Trio Wins Physics Nobel for Quantum Mechanics Work
By Staff, Agencies
A trio of physicists on Tuesday won the Nobel Prize for discoveries in the field of quantum mechanics that have paved the way for quantum computers, networks and secure encrypted communication.
Alain Aspect of France, John Clauser of the United States and Austria's Anton Zeilinger were honored "for experiments with entangled photons, establishing the violation of Bell inequalities and pioneering quantum information science," the Physics Prize jury said in a statement.

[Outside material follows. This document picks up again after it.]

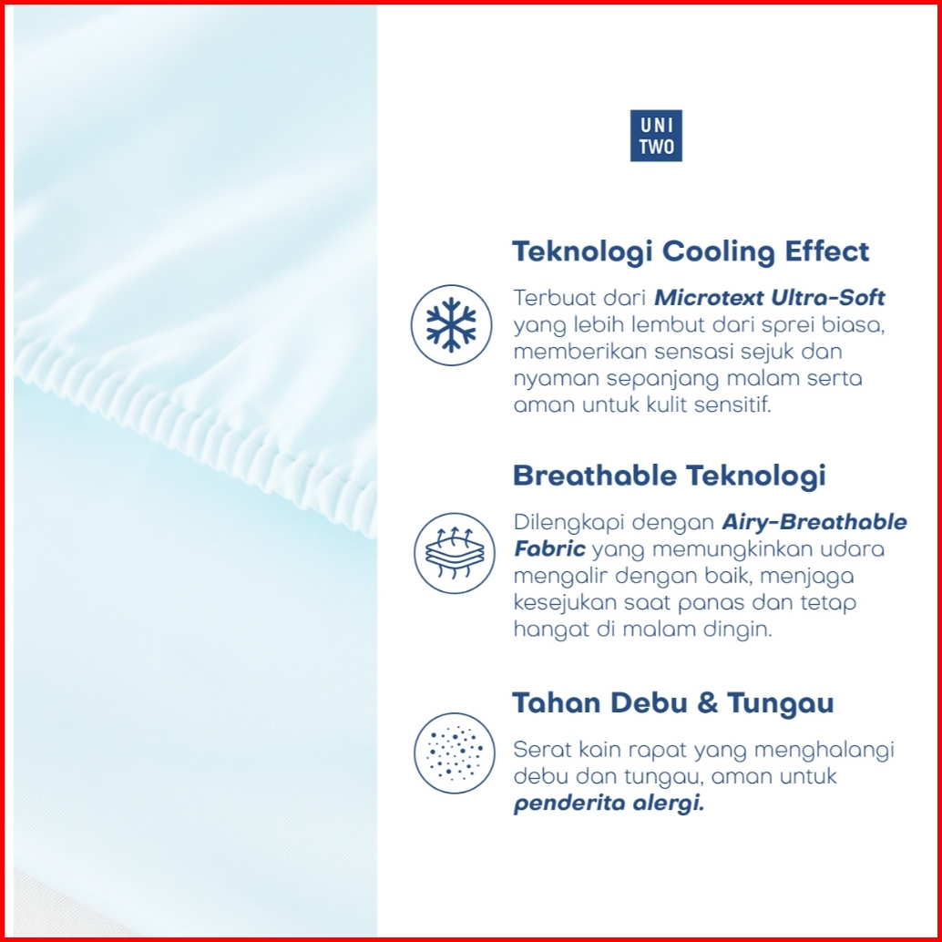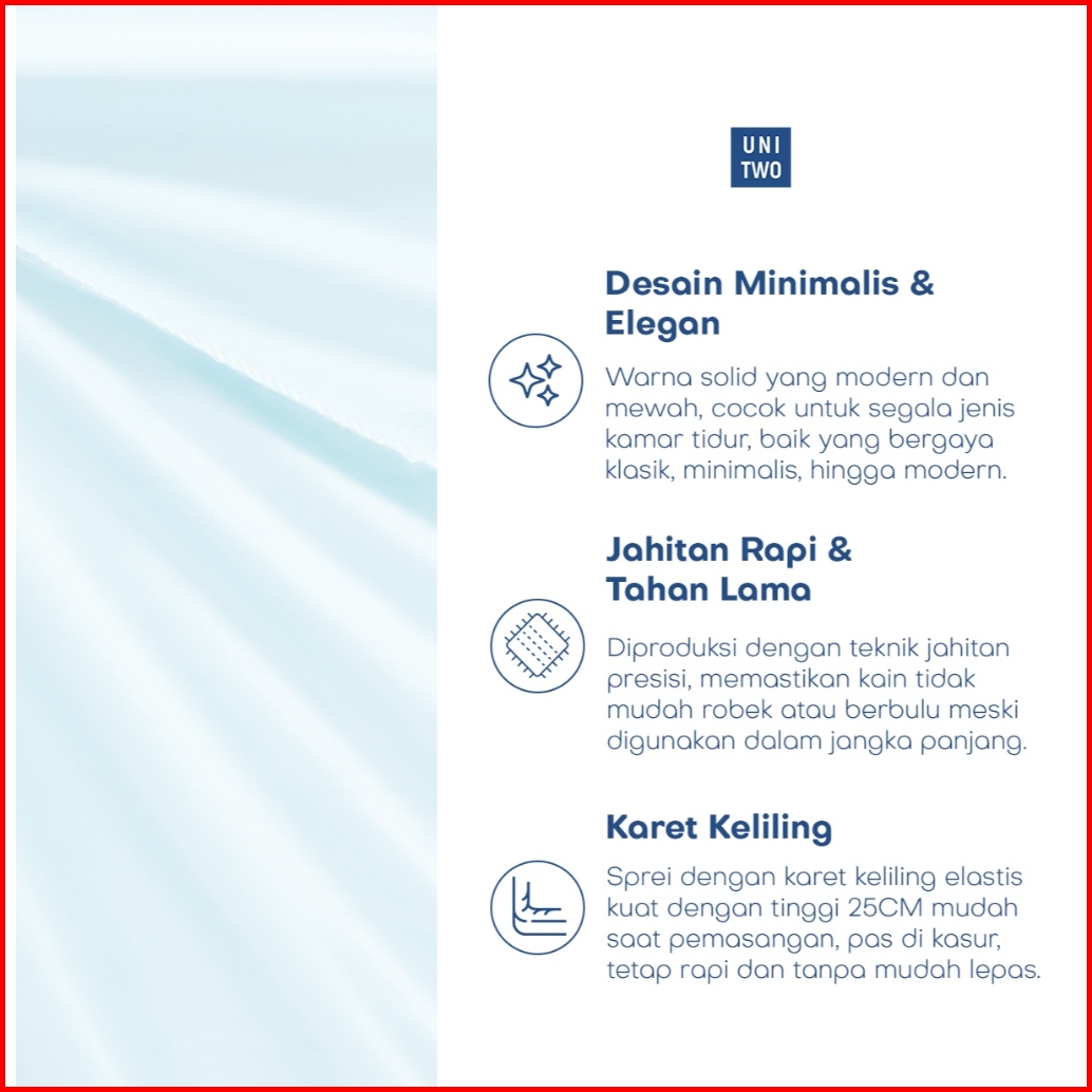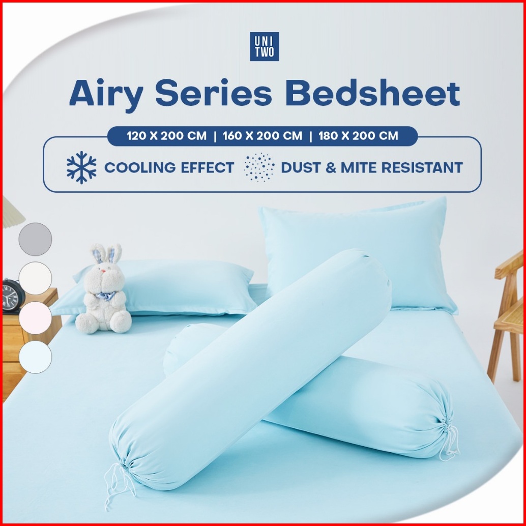 Unitwo Airy Seprei Set Only Sprei Tidur Lembut - Airy Series Motif Polos Ultra Lembut Dengan Cooling Effect Breathable A

Each scientist "conducted groundbreaking experiments using entangled quantum states, where two particles behave like a single unit even when they are separated," the committee said, adding that the "results have cleared the way for new technology based upon quantum information."

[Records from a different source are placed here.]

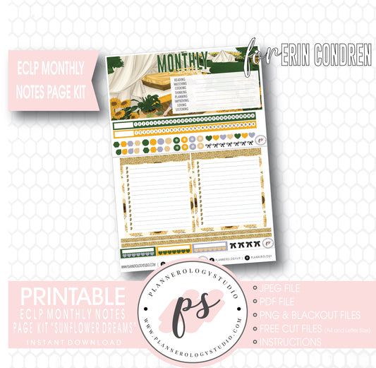 Sunflower Dreams Monthly Notes Page Kit Digital Printable Planner Stickers (for use with Standard A5 Wide Planners)
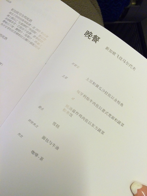 先来说我们遇到的小插曲,行程原定航班是美佳航空直飞马累,临出发前一晚,客服通知我们美佳航空因故障,临时取消,帮我们改订新加坡航空,时间提早6个小时。就这样,我用10分钟快速整理好没收拾好的行李,急急忙忙的赶到了T3。在机场,我们遇到了跟我们完全同行的另外一对小夫妻,一起玩的很开心。就这样,我们一起踏上了旅程~这里还要赞下新加坡航,服务超好!餐也很好^^不愧全球前十航空!
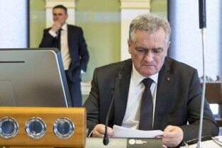 Gdańsk, Nowy Ratusz. Sesja Rady Miasta Gdańska. Nz. radny Adam Nieroda
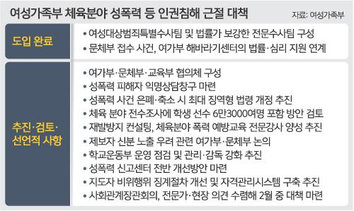 여가부·교육부·문체부 협의한 근절책 실효성 논란 / 협회 등 성폭력 은폐 때 징역형? / 법 개정 필요… 국회 통과 ‘요원’ / 학생 선수 6만3000명 전수조사? / 검토사안으로 분류 실현 미지수 / 10여개 방안 중 2개만 당장 가능 / 시민단체 “피해자 보호대책 시급”
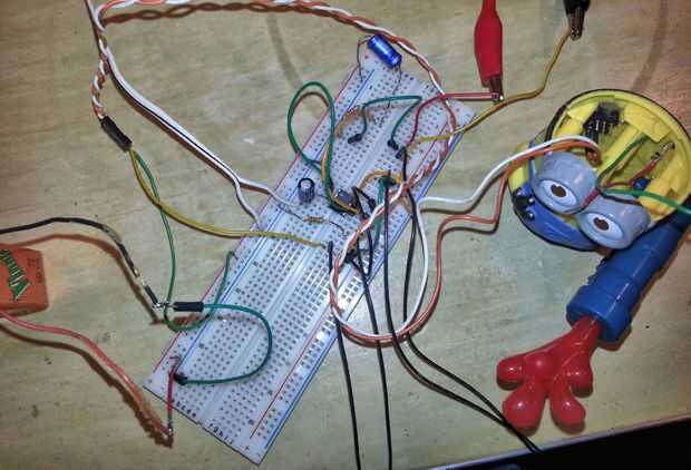 Tal vez usted no tiene un Phil, tal vez está esperando llegar de ebay... bien te recomiendo un protoboard primero para este proyecto de todos modos. ¿Por qué? Bien tiene cierta complejidad, puede ser retocado un poco y cuando finalmente pasa en perf board te quiero bastante pequeño caber dentro de los súbditos... y además... es divertido! Protoboard de circuitos son bonitas porque no hay ninguna soldadura, por lo que son rápidas y fáciles depurar y cambiar alrededor, etc.. Para este circuito que usted puede jugar con diferentes tipos de luces LED, diversos colores y brillo diferentes causan diferentes sonidos.

"It has become increasingly clear that a new kind of quantum technology is emerging," Anders Irback, chair of the Nobel Committee for Physics, said in a statement.

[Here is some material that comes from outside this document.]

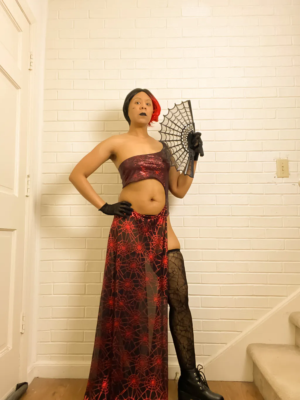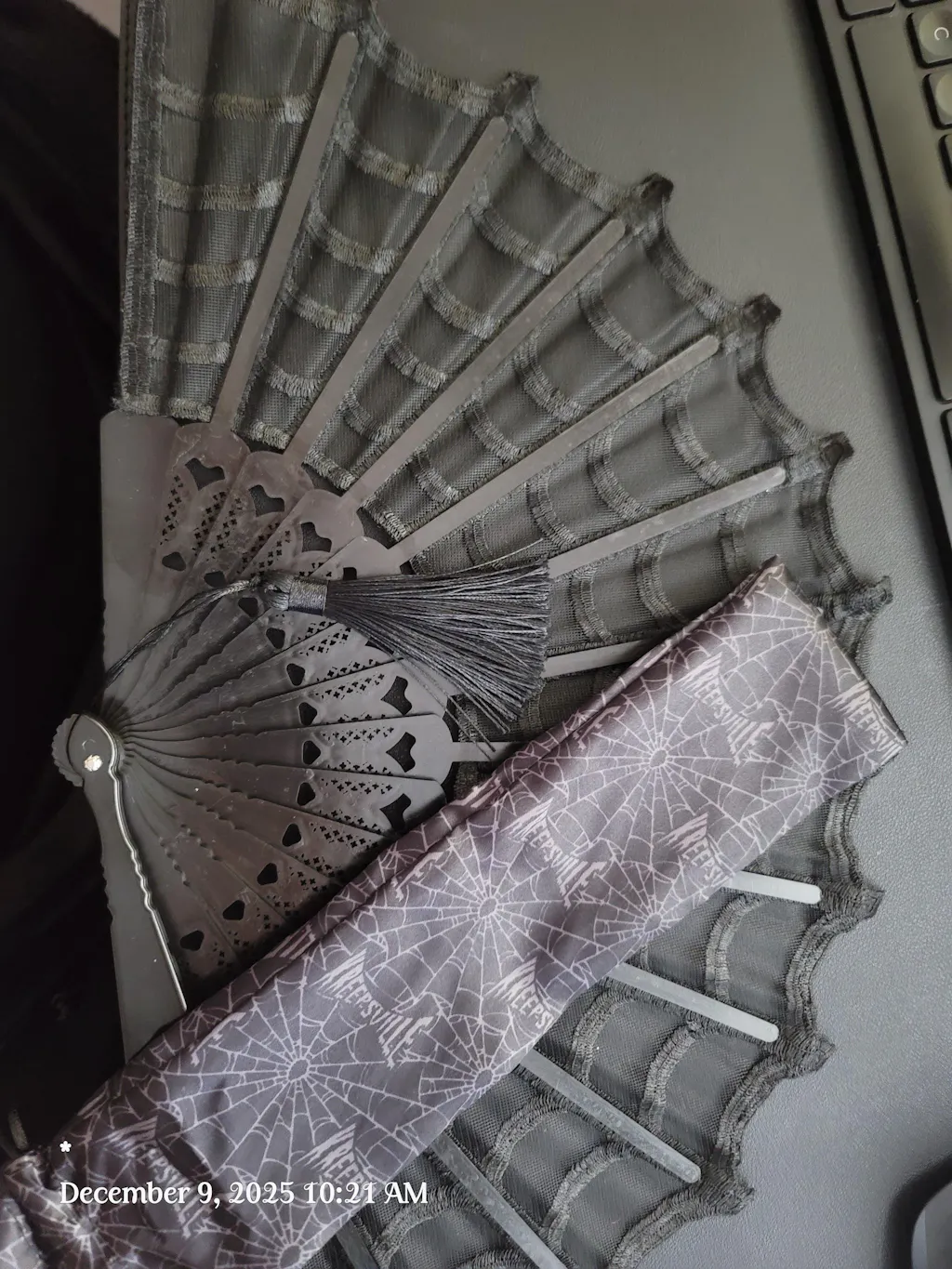 Bleiben Sie cool wie ein Kadaver mit diesem gruseligen Spinnennetz-Fächer! Dieser Gothic-Ventilator ist zusammenklappbar, sodass Sie ihn problemlos in Ihrer Handtasche transportieren können. Er eignet sich perfekt für Picknicks auf dem Friedhof, Kuriositätenmärkte und andere Ausflüge. Beim Entfalten kommt ein Spinnennetz-Design zum Vorschein, das mit einem Spitzenüberzug und gewellten Rändern verziert ist.

Albert Einstein and two other physicists first brought up the idea of quantum entanglement in 1935, in a thought experiment that became known as the EPR paradox.
It involved two or more particles that existed in an "entangled" state, which means that what happens to one determines what happens to the other – even if they are far apart, something Einstein dismissed as "spooky action at a distance."
Clauser, a research physicist based in California, and Aspect, professor at the Universite Paris-Saclay, were singled out for their developments on the work of John Stewart Bell, who in the 1960s "developed the mathematical inequality that is named after him."